MSDS699 final project
Group Member: Peng Liu, Xuxu Pan, Min Che
It’s short for PlayerUknown’s BattleGrounds, a very popular battle royale-style video game. In this game, you are dropped onto an island without anything in hand, but with 99 other players most of whom are your enemies. You have to explore and fight other players until only one is left standing. Meanwhile, the playzone continues to shrink until the last minute of the game.
The goal of this project is to predict the finish placement of the PlayerUknown’s BattleGrounds(PUBG) players.
- Data Description
- Data Processing
- Modeling
- Summary
- Takeaways
- Future works
- Data source: https://www.kaggle.com/c/pubg-finish-placement-prediction/data
- Target:winPlacePerc, player’s percentile in one game (float, 0 to 1).
- Number of observations: >4 M, each row contains a player's post-game stats.
- Number of raw features: 28, including player’s stats such as assists, boosts, damage, kills, player per match, player per group, walk distance...
We added 2 new features: player per match and player per group.

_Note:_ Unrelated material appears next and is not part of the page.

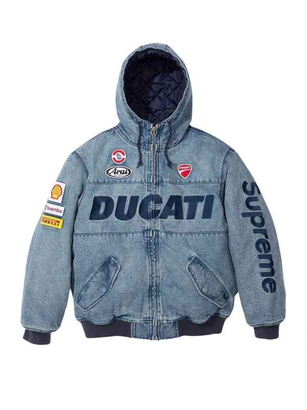 The Blue TLJ Supreme Ducati Hooded Biker Jacket delivers the ultimate combination of racing-inspired design and contemporary street fashion. Expertly handmade with high-quality denim and reinforced stitching, this jacket ensures long-lasting wear while maintaining comfort and breathability.

To eliminate possible outliers, we dropped matches that have less than 80 players or have group with more than 4 players. We also down sample the data to 165 thousand rows and dropped 4 highly related features. Finally, we made a train-validation-test split.
We fitted 3 models: linear regression without tuning as our baseline, decision tree and random forest, with hyperparameters tuned by RandomizedSearchCV. We choose Median absolute error as our north star metrics because it is more robust to outliers than RMSE.
- Random forest model had the lowest MEDAE on the validation set. Decision tree worked very good on training dataset, but no as well on validation dataset, indicating it had the problem of overfiting. So we chose random forest model because the performance on training and validation datasets were comparable.
- The random forest model had MEDAE of 0.035 on validation set, which means that we are able to predict the finish placement of PUBG players in a match with an median error of about 3.5%.
- The tuned random forest model selected about 10 important features out of 24. Top three important features include 'killPlace', that is the ranking of number of enemies killed by the player in a match, 'walkDistance', that is how far the player walked in a match, and 'kills', that’s the number of enemies killed by the player.
-
Technical key takeaways:
- Random forest improves generality.
- Feature engineering matters.
-
Non-technical key takeaways:
- The best killer wins!
- Walk around and explore more.
- Collect sufficient boosters boost yourself promptly.
- Kill from afar.
- Can we cluster players based on their strategies and behaviors?
- i.e. killer or hide-and-seeker?
- If we label players by clustering, does it help to improve the regressor?